Your instructions >>
Look below for the line that contains "Absperrklappe DN 200" and the line that contains "Js015 프렌치 플로럴", then restate both of them and every line in between, exactly. No picture goes in the copy.

Information shown >>
/---

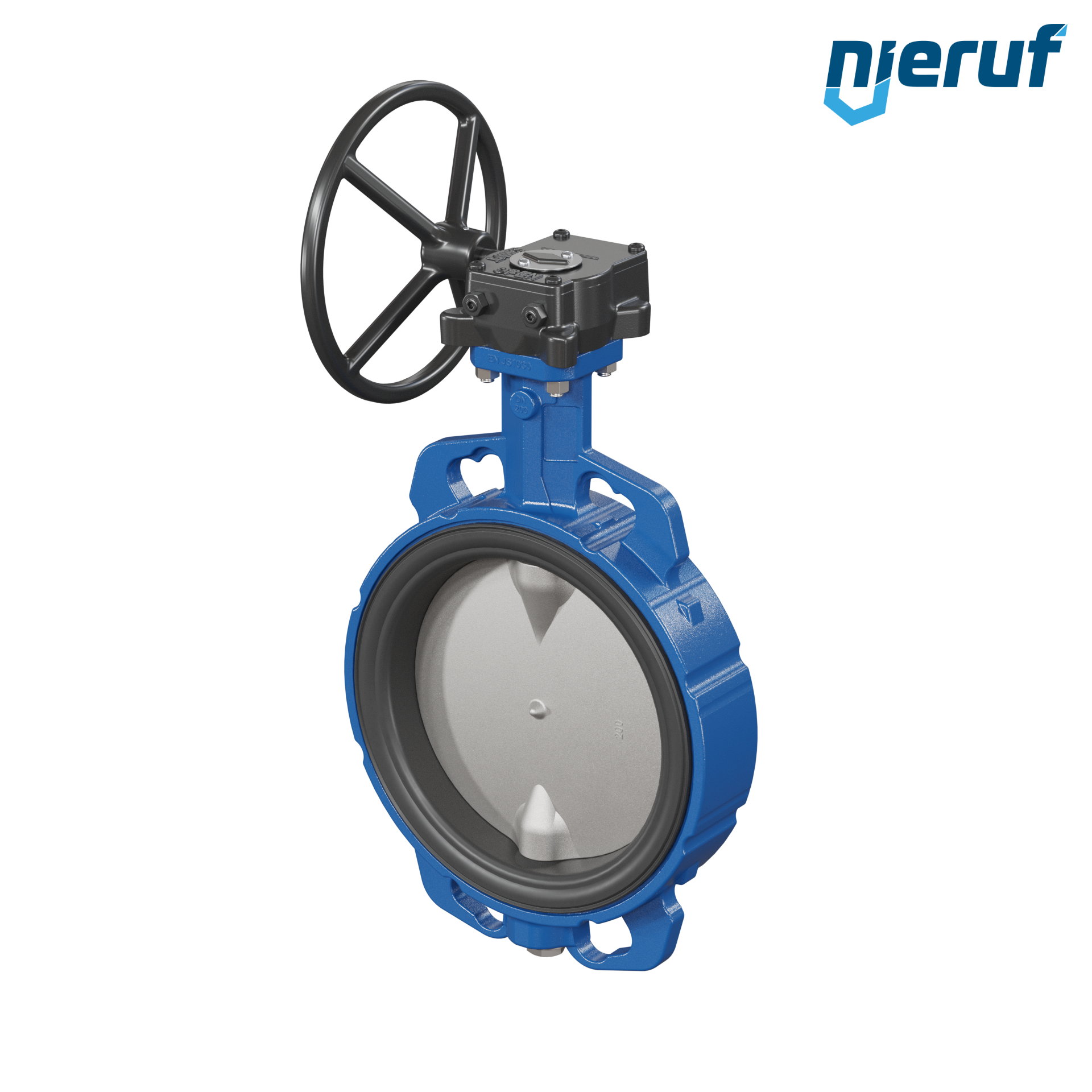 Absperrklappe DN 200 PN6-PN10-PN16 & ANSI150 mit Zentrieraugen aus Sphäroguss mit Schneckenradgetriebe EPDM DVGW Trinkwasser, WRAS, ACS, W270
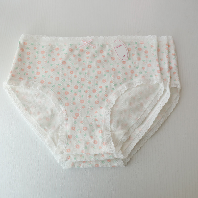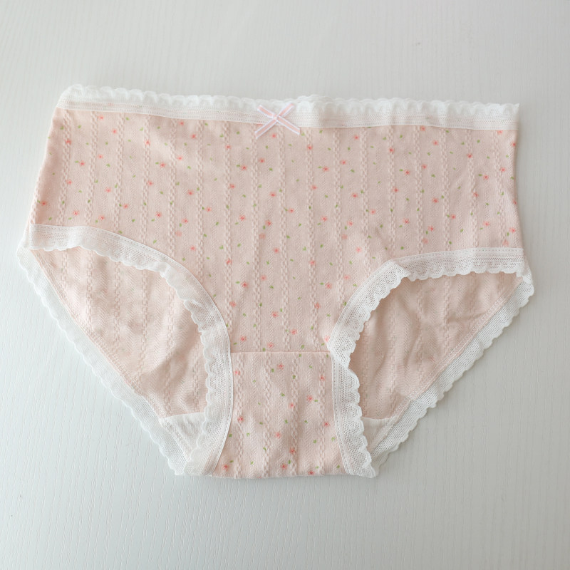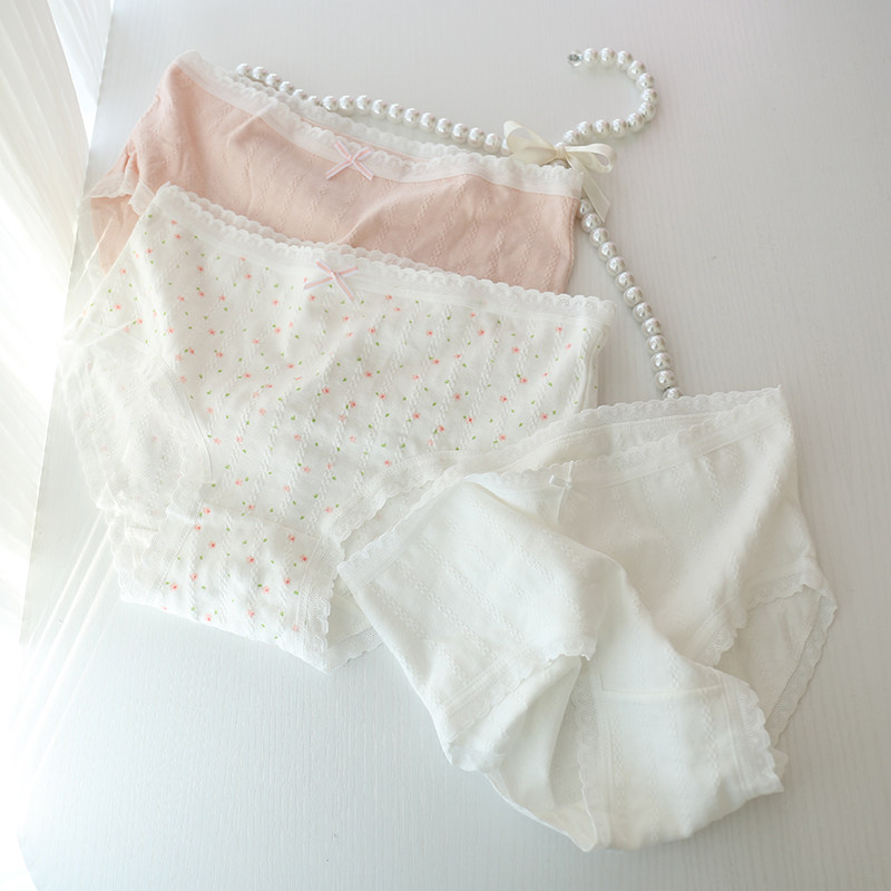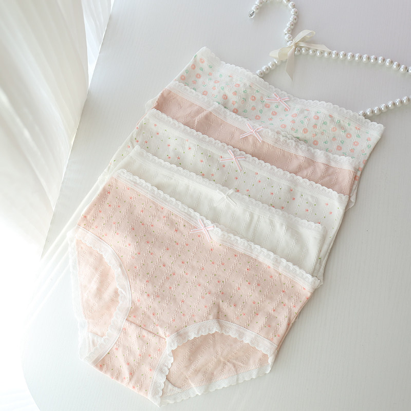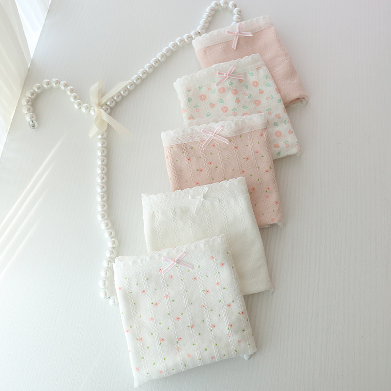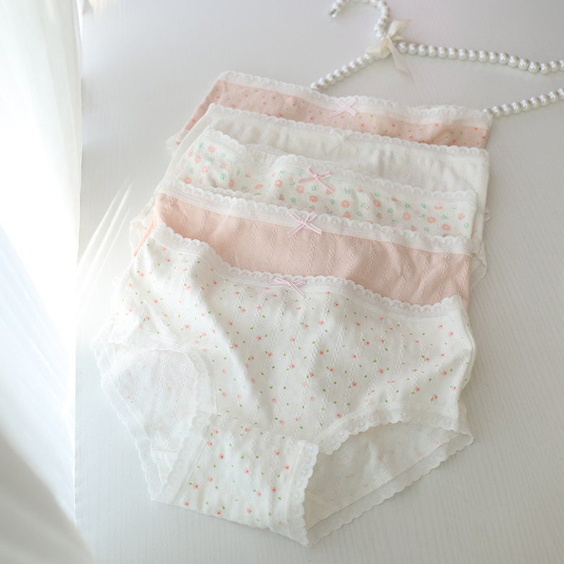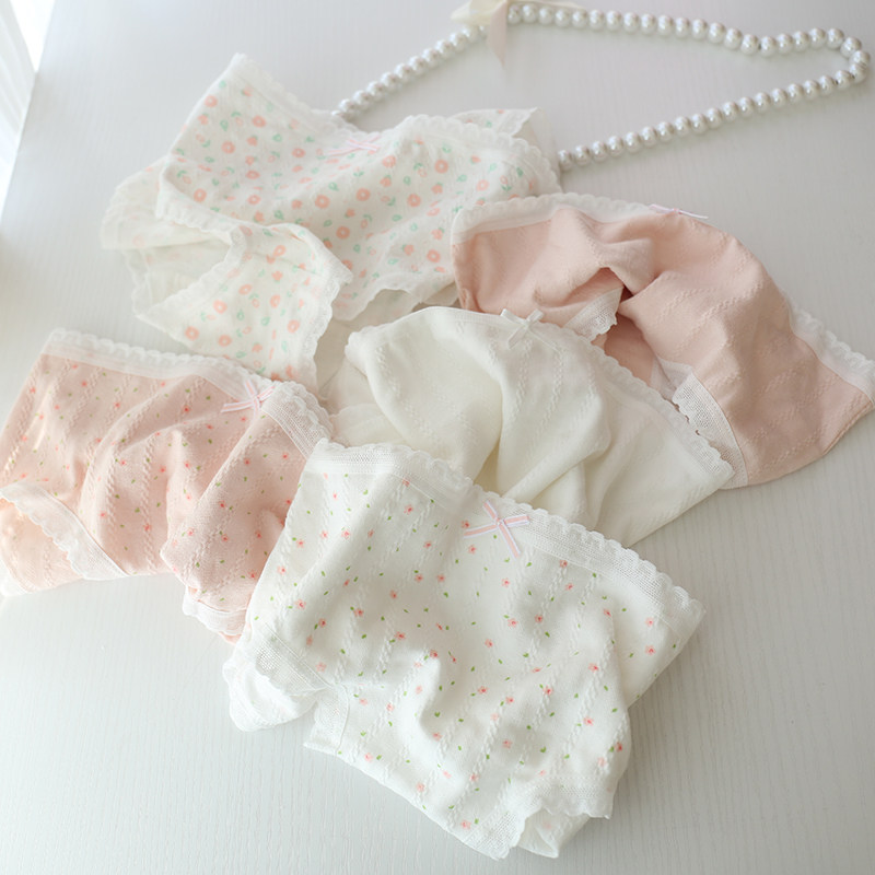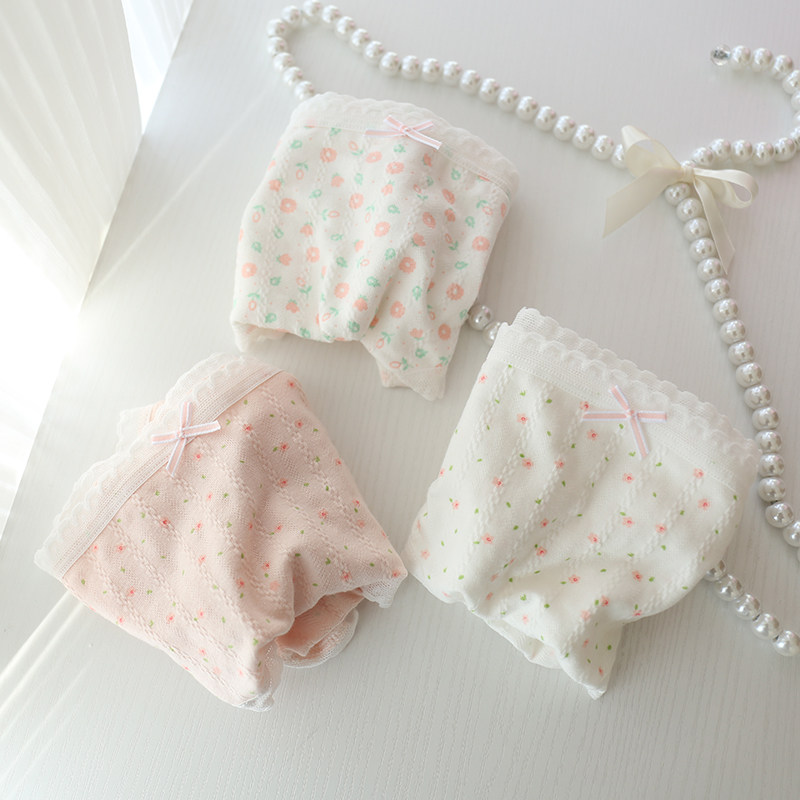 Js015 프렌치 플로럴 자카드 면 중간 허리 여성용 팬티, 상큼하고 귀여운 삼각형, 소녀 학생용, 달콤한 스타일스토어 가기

\---
/---

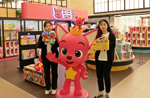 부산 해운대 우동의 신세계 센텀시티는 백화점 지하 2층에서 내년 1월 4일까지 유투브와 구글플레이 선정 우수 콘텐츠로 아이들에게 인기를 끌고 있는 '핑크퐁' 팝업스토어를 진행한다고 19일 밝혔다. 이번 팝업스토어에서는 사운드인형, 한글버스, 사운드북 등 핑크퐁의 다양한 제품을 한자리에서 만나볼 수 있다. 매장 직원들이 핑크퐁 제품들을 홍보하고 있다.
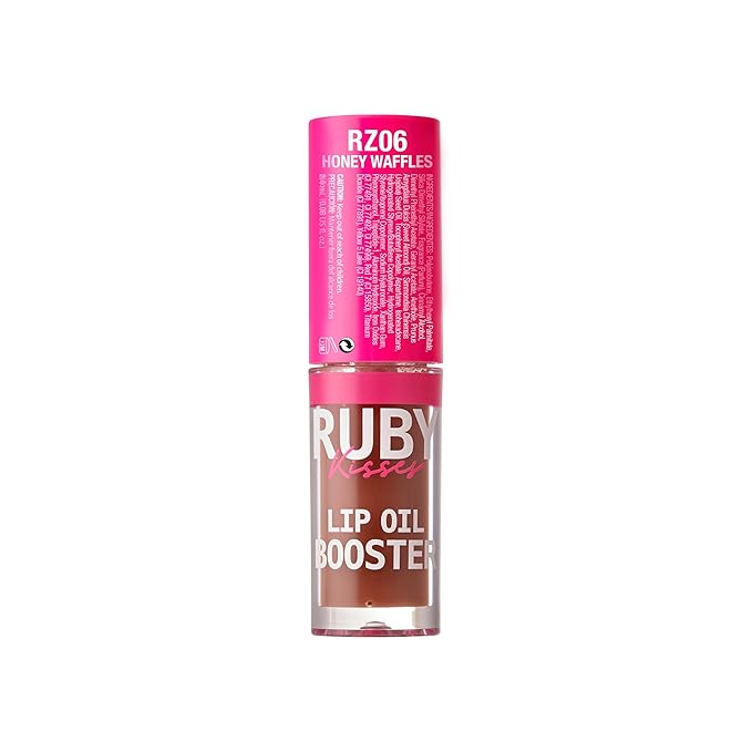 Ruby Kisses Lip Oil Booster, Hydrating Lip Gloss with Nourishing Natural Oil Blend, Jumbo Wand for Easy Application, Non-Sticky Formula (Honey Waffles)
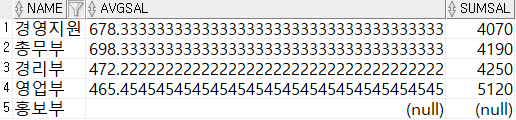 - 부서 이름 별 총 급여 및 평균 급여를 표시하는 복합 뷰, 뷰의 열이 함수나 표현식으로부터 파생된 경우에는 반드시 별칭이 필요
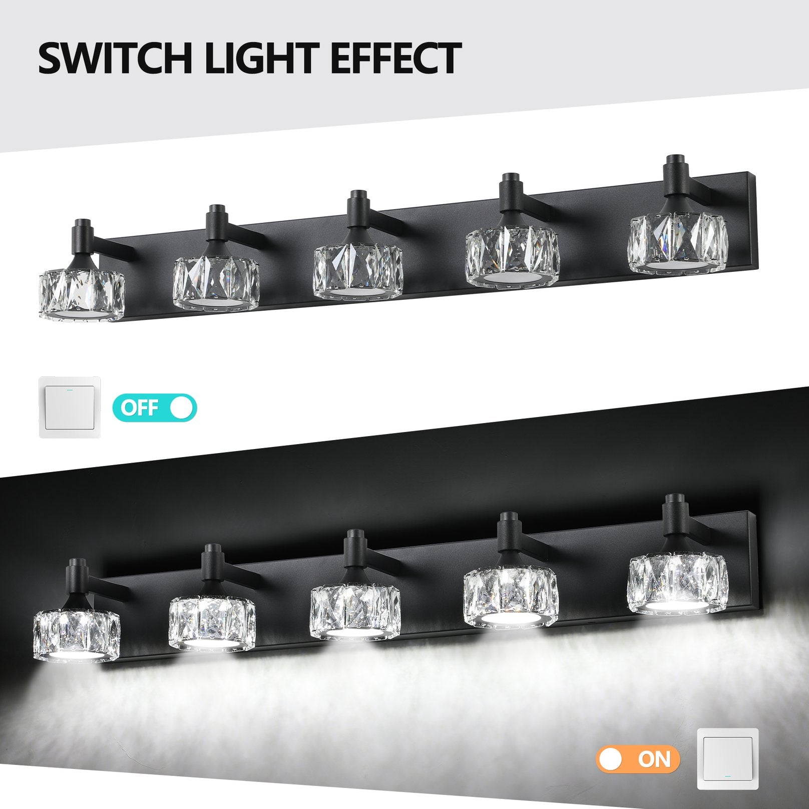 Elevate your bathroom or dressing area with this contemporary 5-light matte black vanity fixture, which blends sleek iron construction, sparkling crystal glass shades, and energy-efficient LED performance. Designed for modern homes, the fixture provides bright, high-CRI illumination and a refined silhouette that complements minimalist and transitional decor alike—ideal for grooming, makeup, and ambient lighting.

\---

Answer box >>
 Absperrklappe DN 200 PN6-PN10-PN16 & ANSI150 mit Zentrieraugen aus Sphäroguss mit Schneckenradgetriebe EPDM DVGW Trinkwasser, WRAS, ACS, W270
 Js015 프렌치 플로럴 자카드 면 중간 허리 여성용 팬티, 상큼하고 귀여운 삼각형, 소녀 학생용, 달콤한 스타일스토어 가기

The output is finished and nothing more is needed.